TASK ITEM: Below, find the line containing "Шланг для душа" and the line containing "- A classic"; reproduce exactly those two and every line between them, omitting pictures.

DATASET EXTRACT:
=== Section Start ===
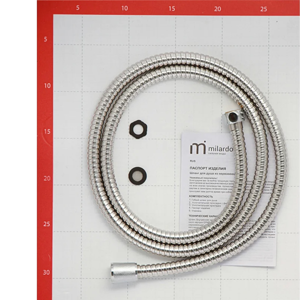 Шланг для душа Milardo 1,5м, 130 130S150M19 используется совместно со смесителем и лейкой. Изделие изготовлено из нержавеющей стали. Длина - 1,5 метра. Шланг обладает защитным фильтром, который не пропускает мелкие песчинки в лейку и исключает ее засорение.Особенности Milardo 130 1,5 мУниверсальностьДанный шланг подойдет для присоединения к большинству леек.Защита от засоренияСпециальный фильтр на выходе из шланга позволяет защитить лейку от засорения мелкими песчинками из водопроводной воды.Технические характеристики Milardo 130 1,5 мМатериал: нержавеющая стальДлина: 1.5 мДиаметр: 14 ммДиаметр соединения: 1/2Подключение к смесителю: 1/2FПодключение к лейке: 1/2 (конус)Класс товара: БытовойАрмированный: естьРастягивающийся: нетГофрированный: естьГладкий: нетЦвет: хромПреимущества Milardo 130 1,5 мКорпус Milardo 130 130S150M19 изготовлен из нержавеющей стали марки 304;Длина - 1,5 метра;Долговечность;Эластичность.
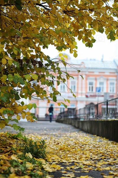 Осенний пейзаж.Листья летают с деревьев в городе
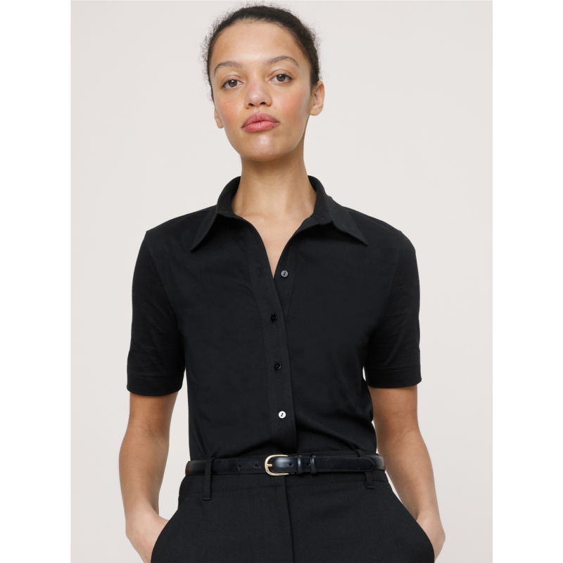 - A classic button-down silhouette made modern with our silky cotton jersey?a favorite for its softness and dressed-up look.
=== Section End ===
=== Section Start ===
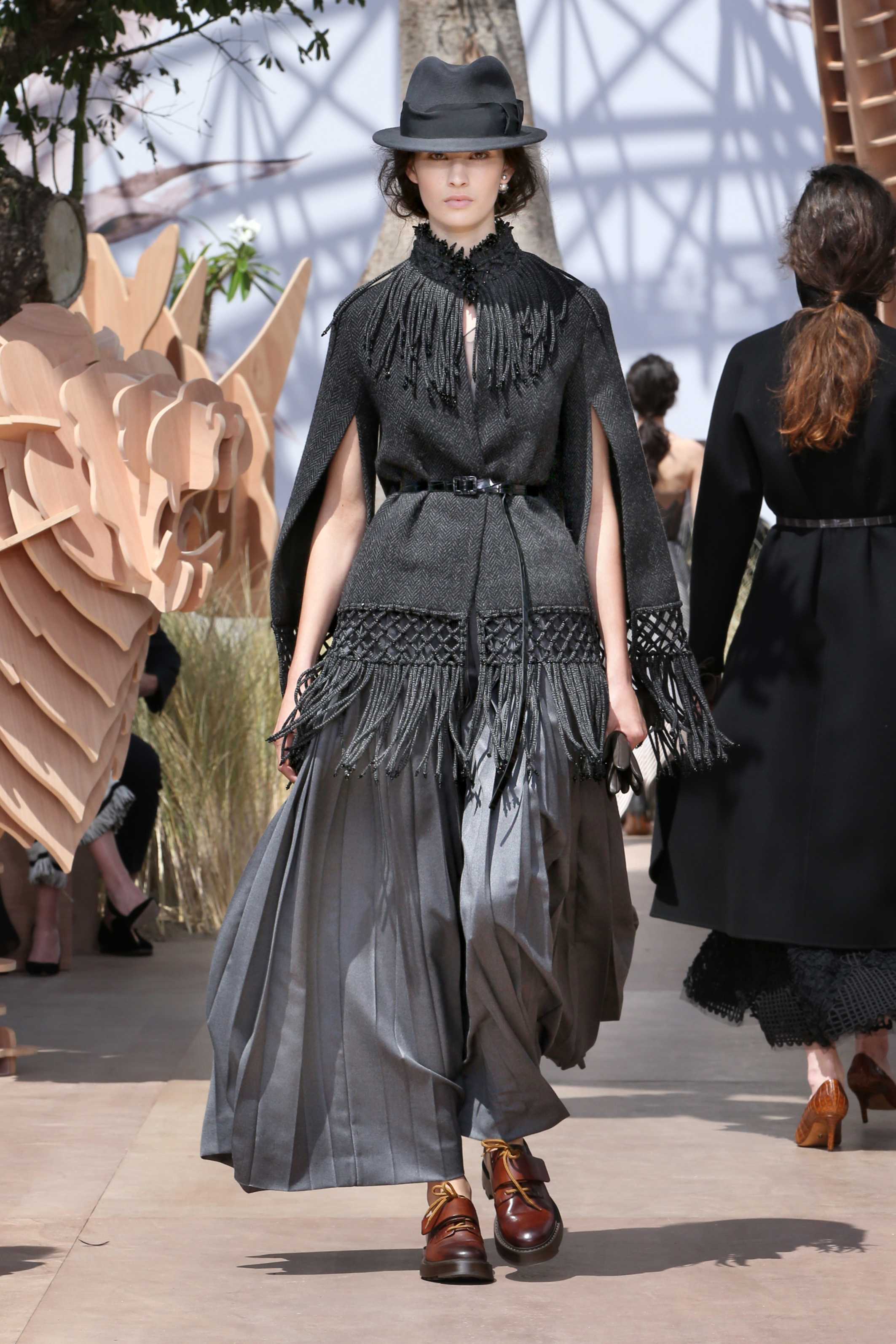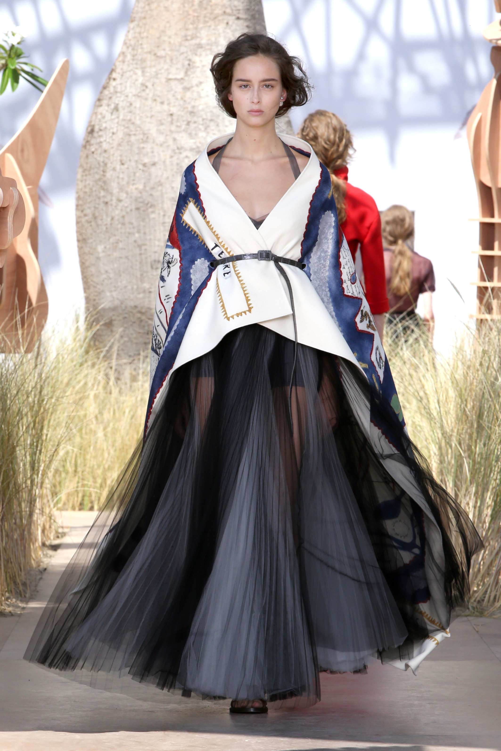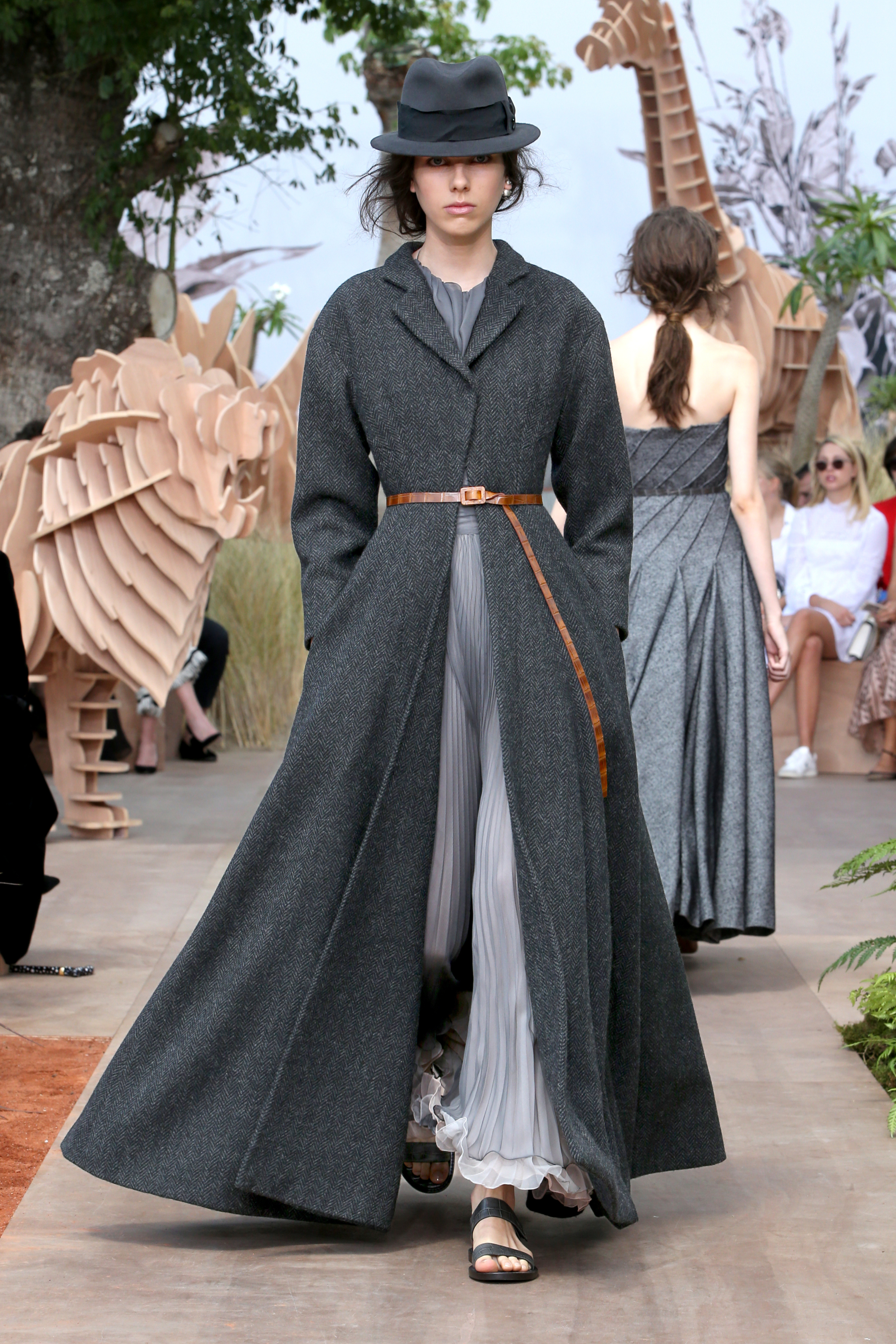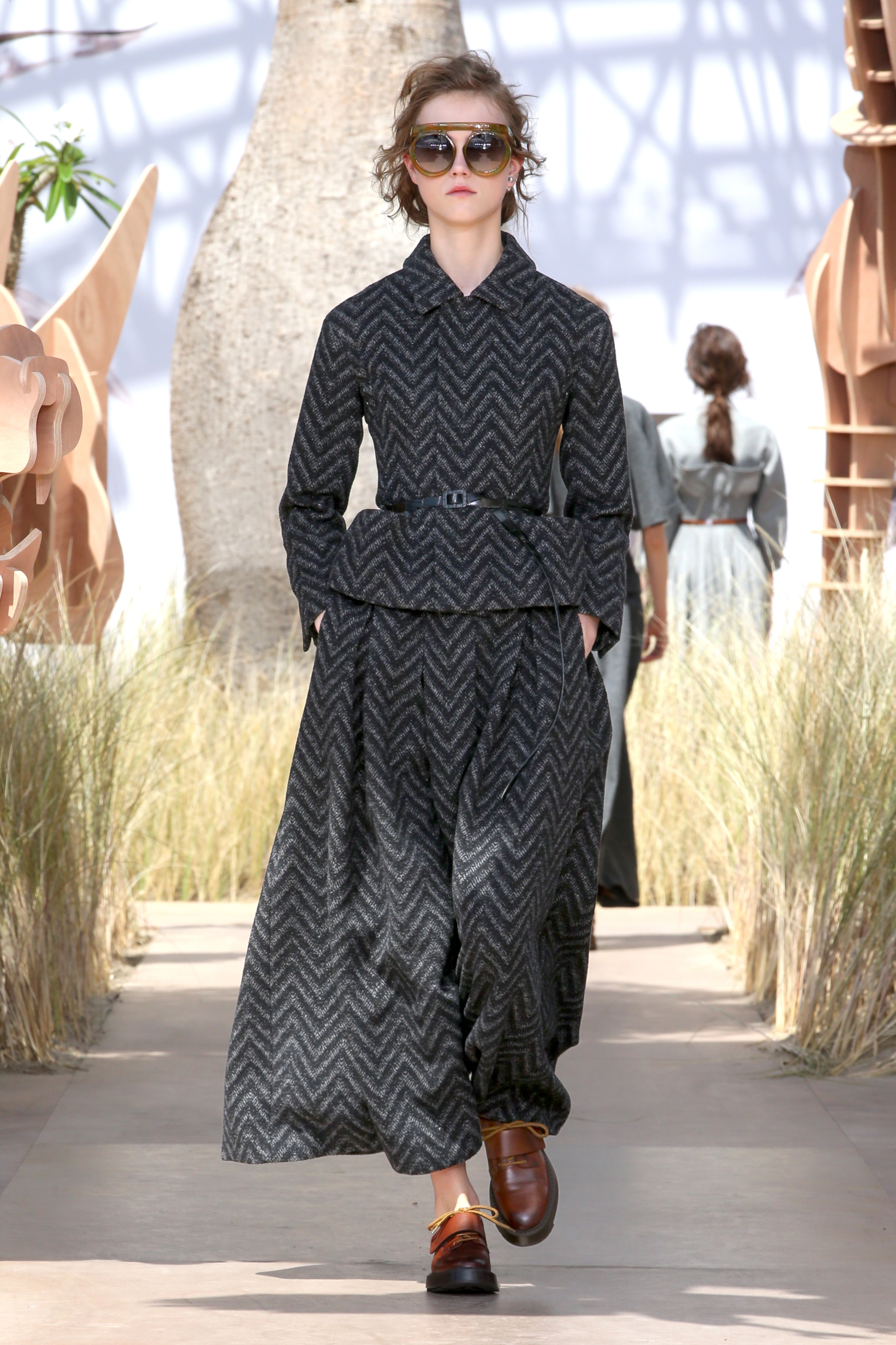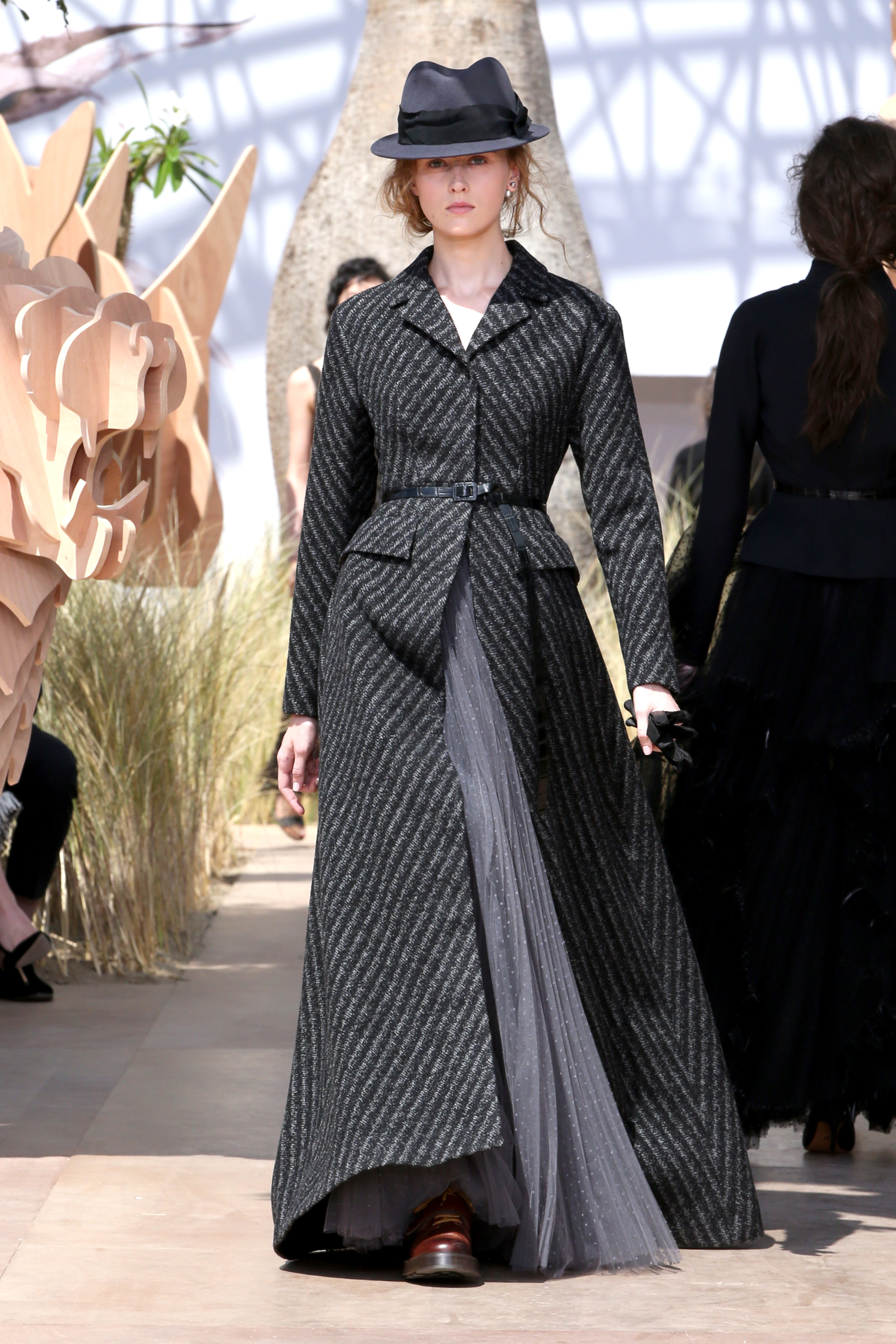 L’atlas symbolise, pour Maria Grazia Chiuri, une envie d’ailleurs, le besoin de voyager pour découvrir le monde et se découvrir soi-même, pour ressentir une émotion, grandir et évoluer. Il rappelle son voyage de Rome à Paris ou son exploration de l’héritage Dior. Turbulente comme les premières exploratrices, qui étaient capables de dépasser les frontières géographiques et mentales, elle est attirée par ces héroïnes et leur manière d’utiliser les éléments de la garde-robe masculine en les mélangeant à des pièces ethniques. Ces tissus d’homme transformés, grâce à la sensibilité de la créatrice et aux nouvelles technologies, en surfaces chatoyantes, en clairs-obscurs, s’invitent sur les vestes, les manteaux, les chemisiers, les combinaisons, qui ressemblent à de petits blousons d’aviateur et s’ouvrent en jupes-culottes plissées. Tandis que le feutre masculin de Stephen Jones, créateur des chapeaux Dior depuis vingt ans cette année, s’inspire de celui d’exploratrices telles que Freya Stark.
=== Section End ===
=== Section Start ===
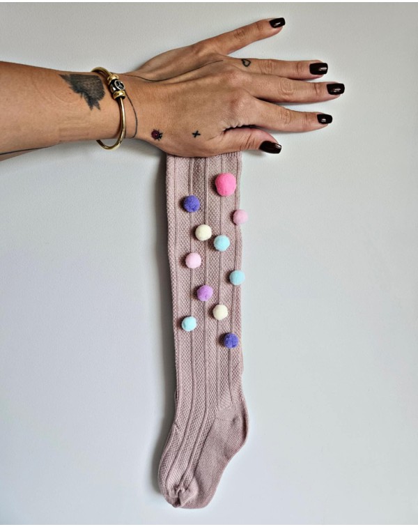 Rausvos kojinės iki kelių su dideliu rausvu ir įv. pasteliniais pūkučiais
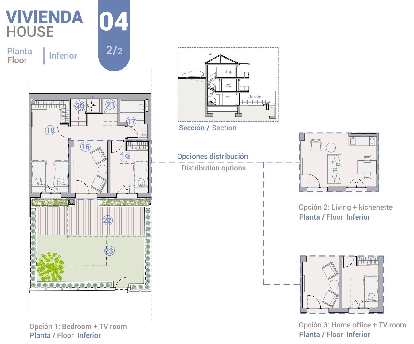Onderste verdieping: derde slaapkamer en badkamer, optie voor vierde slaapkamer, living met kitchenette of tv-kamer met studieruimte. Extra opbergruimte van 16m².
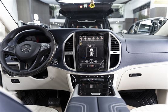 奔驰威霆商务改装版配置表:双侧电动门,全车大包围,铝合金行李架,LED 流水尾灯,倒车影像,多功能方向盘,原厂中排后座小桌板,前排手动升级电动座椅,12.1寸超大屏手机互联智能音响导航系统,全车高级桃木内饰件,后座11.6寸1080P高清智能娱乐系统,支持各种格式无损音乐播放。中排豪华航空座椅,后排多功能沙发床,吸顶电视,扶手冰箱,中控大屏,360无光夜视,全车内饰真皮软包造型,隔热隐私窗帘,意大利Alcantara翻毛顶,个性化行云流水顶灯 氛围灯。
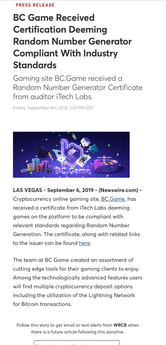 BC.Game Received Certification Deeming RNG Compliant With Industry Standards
=== Section End ===
RESULT:
 Шланг для душа Milardo 1,5м, 130 130S150M19 используется совместно со смесителем и лейкой. Изделие изготовлено из нержавеющей стали. Длина - 1,5 метра. Шланг обладает защитным фильтром, который не пропускает мелкие песчинки в лейку и исключает ее засорение.Особенности Milardo 130 1,5 мУниверсальностьДанный шланг подойдет для присоединения к большинству леек.Защита от засоренияСпециальный фильтр на выходе из шланга позволяет защитить лейку от засорения мелкими песчинками из водопроводной воды.Технические характеристики Milardo 130 1,5 мМатериал: нержавеющая стальДлина: 1.5 мДиаметр: 14 ммДиаметр соединения: 1/2Подключение к смесителю: 1/2FПодключение к лейке: 1/2 (конус)Класс товара: БытовойАрмированный: естьРастягивающийся: нетГофрированный: естьГладкий: нетЦвет: хромПреимущества Milardo 130 1,5 мКорпус Milardo 130 130S150M19 изготовлен из нержавеющей стали марки 304;Длина - 1,5 метра;Долговечность;Эластичность.
 Осенний пейзаж.Листья летают с деревьев в городе
 - A classic button-down silhouette made modern with our silky cotton jersey?a favorite for its softness and dressed-up look.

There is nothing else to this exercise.